Photographer's Choice

Four months. That's a long time between posts. In fact, it's the longest I've gone without writing anything here since this started back in June of 2019. Could I blame it on the fact that I haven't taken many photos over the last month? I could, but back in December, I took a lot of photos, but they didn't really meet the themes for the month, so I passed on even writing for the photo blogging challenge. Can I blame the new granddaughter? I could, but I won't. I wonder what I took photos of in December? Yeah, that's a no brainer, but I can't blame her so we'll just chalk it up to being lazy again. It's not like I don't have topics rattling around inside my head, but I just have been busy with other things.

So here we are at the beginning of another month and it's time once again for P.J.'s monthly photo blog challenge. This month, as the title suggests is Photographer's Choice, which means I can post just about anything I want that I've taken this past month. Fair warning right now, that this entire post is going to revolve around geocaching, so if you're not interested in that, feel free to move on.

This blog has always been dedicated to my wanderings and last month, I got to wander again, taking a geocaching trek to Yuma, Arizona.
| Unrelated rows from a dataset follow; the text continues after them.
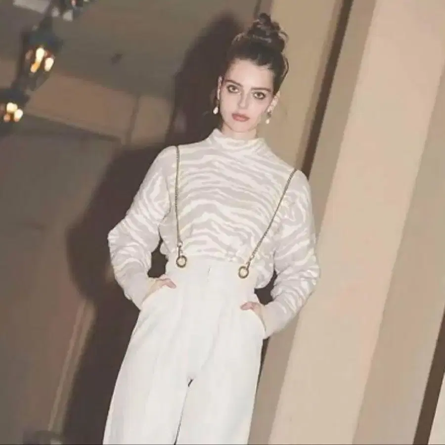 eimy istoire 제브라 자카드 숏 니트 풀오버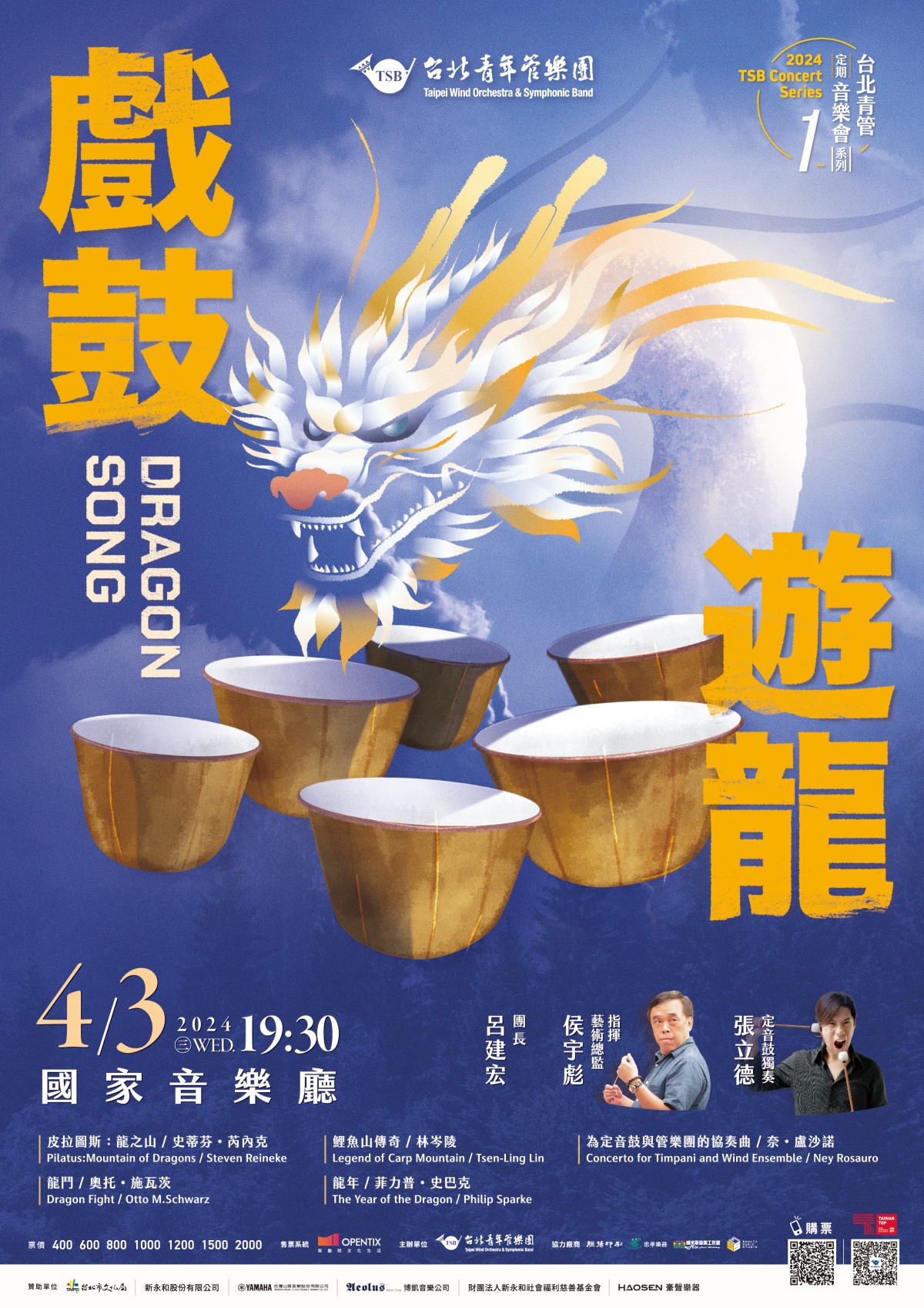 一、2024台北青管定期音樂會系列I,由侯宇彪教授指揮台北青年管樂團演出;帶來多首與東西方神獸龍有關之樂曲, 氣勢磅礡。並邀請廣州交響樂團定音鼓首席張立德擔任協奏曲獨奏,精彩可期。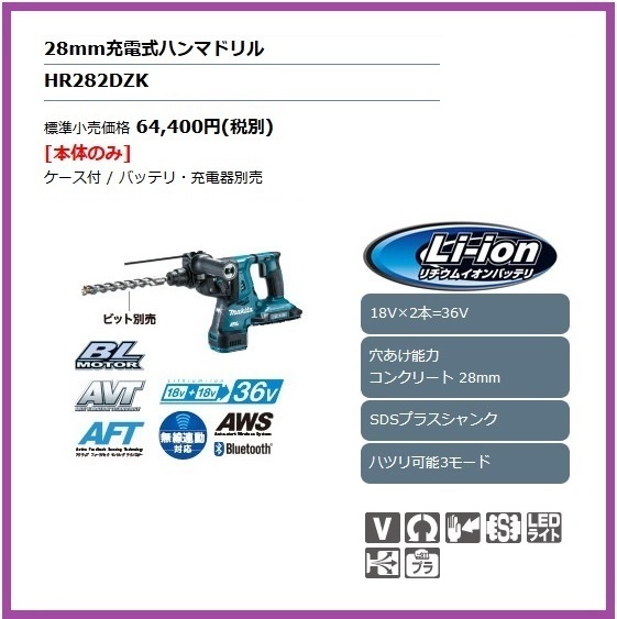 > マキタ 28mm 18V 充電式ハンマドリル HR282DZK [本体+ケース]【18V+18V→36V】 ■安心のマキタ純正/新品/未使用■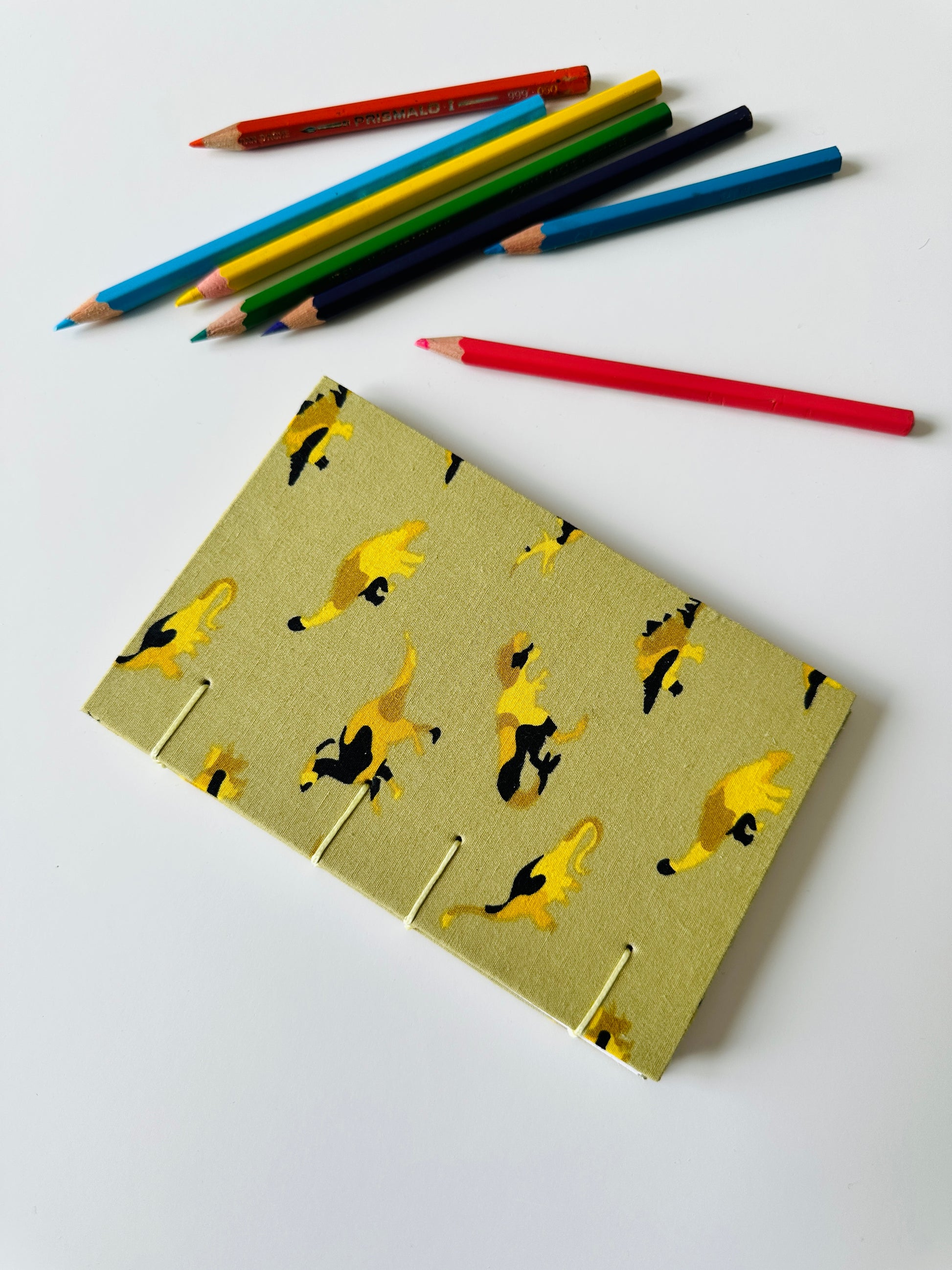 Le copertine rigide sono rivestite con un simpatico tessuto di cotone a tema dinosauri.

After a year hiatus (for obvious reasons), the annual SWAG (Southwestern Arizona Geocachers) mega event in Yuma was back. My friend Mike asked if I wanted to go with him and I said yes, since the last time I went two years ago, I had such a great time, I wanted to experience it again. I had a friend of mine from high school mention that he'd never seen the words "great time" and "Yuma" ever used in the same sentence. If you're a geocacher, you'd understand perfectly as it's kind of a geocaching Mecca for the area. And so we went, geocaching in Imperial County and Yuma County in Arizona for the entire four days we were out there. 

Part of the fun of the event is the new Adventures they post. As explained in other posts, an Adventure is similar to a virtual cache, except it also similar to a multi-cache, meaning it has more than one point to visit, but you don't have a container to find. The first photo was part of an Adventure in southeastern Imperial county and was called the Araz Station ruins. It was reportedly a stop on the Butterfield Stage route, but there's some debate over that. Nevertheless, we were there at sunset on the first day of the trip and the light made for some great shots.
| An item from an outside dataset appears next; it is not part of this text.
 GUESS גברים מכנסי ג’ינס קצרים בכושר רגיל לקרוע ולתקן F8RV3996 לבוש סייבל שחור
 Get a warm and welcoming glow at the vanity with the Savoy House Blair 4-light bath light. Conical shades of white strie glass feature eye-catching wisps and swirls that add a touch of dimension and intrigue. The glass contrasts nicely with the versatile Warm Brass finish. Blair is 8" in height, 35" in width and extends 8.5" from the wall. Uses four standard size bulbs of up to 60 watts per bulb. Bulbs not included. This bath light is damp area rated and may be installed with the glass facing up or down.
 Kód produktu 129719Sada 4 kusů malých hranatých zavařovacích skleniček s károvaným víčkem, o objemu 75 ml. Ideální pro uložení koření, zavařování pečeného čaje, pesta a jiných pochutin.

Over the course of the weekend, we had some great food, found a lot of great caches and did some fantastic Adventures. We also experienced the Discover Yuma event, which is like a large geocaching scavenger hunt for information about Yuma and the surrounding area. Once complete, you bring your scoresheet back and you get a free geocoin, which is a tangible souvenir of the day's events. Mike had never done the Discover Yuma series before, so this was new to him and I did it last time I was there. It made for an enjoyable day on Saturday.
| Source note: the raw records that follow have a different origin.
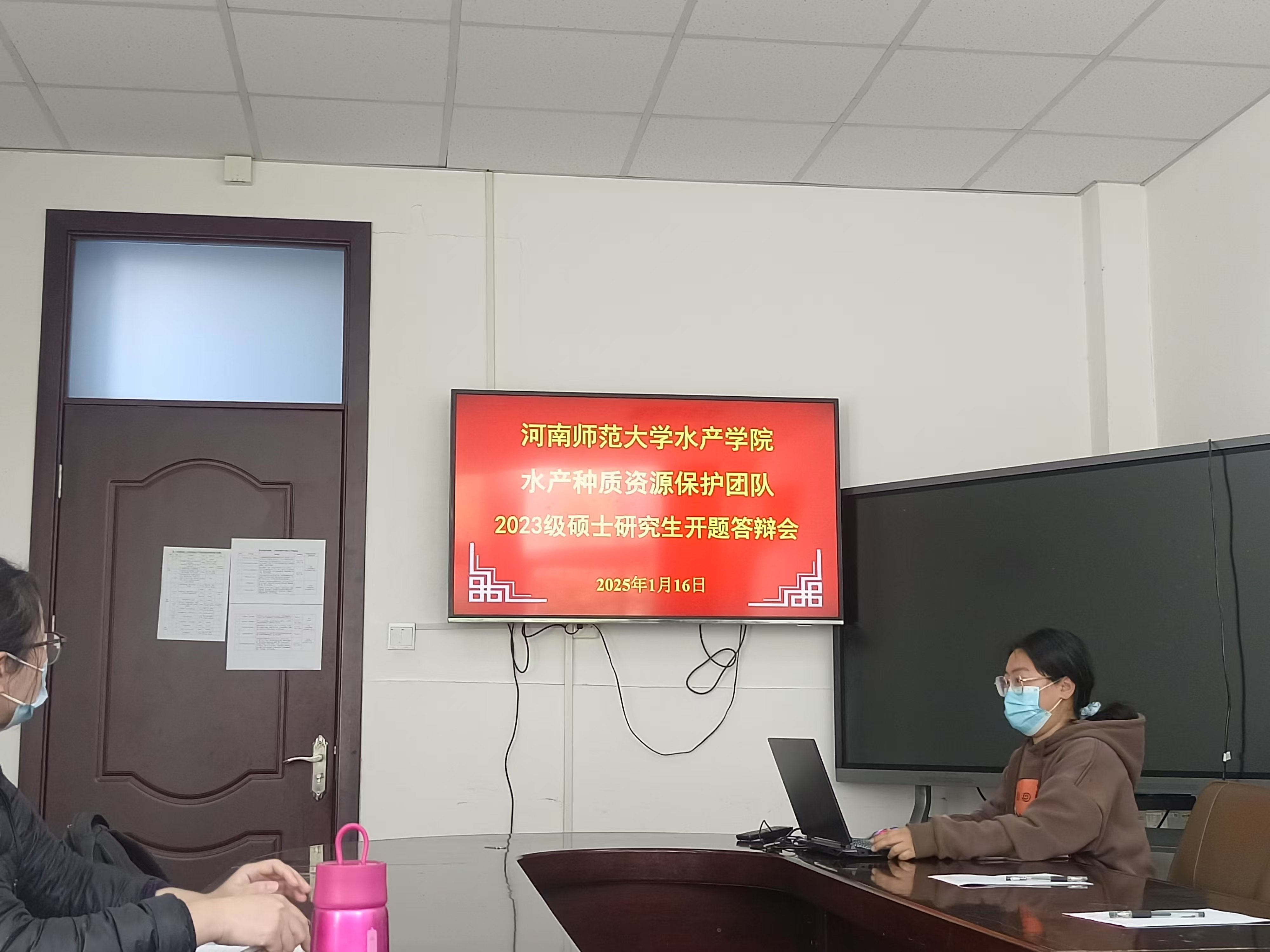 2025年1月16日,水产种质资源保护科研方向的2023级硕士研究生开题答辩会在水产学院西区215会议室顺利举行。祝国荣、汤永涛(线上参会)、金锦锦3位老师以及2023级、2024级全体研究生列席此次会议。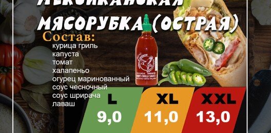 Курица гриль, пепперони, капуста, огурец маринованный, остро-сладкий соус, чесночный соус, томат, лаваш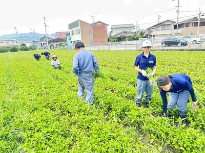 5月17日(土)8:00から、藍場浜公園周辺で開催された「とくしままちなか花ロードproject」に参加しました。大雨の中、300人ほどの方が集まり、4万株を超えるペチュニアを定植しました。本校からは、アグリクラブ総勢26名がたくさんのペチュニアを定植しました。最後に振る舞っていただいたうどんで、体も温まりました。ありがとうございました。

The second shot is of Mike and I in front of the log for the Mega Event which happened on Sunday morning. We did some hiking that morning picking up some more Adventure locations and found some other geocaches, then decided to do more caching in and around town as there's lots to do if you're a geocacher.

On Monday, we headed for home, but did a lot of caching on the way home. I even hosted an event in El Centro at the In-n-Out there as a way to attend an event in that county. There are challenges out there that want you to attend events in 10 contiguous counties. With that event, I now have attended events in 11 contiguous counties. Now I just need to go out and find that challenge so I can claim it. And with all of the caches we found in Imperial County that weekend, I bumped my overall count of finds there to 131, allowing me to claim the 10/100 California County Challenge. Yeah, find at least 100 caches in 10 different California counties. So I had that going for me as well by the end of the trip. Needless to say, it was a great weekend of geocaching.

The month wasn't over yet and geocaching was still a priority for me as I went on several other geocaching excursions over the next couple of weekends. One trip took me up to the high desert north of Victorville where we did a geo-art (caches laid out in the shape of something, like a smiley face). This particular series was called the Orion Series, because it was set up out in the desert to look like the constellation Orion. The best word I could use to describe many of the cache hides is whimsical. It's not often when you're looking for a cache and the cache ends up looking back at you.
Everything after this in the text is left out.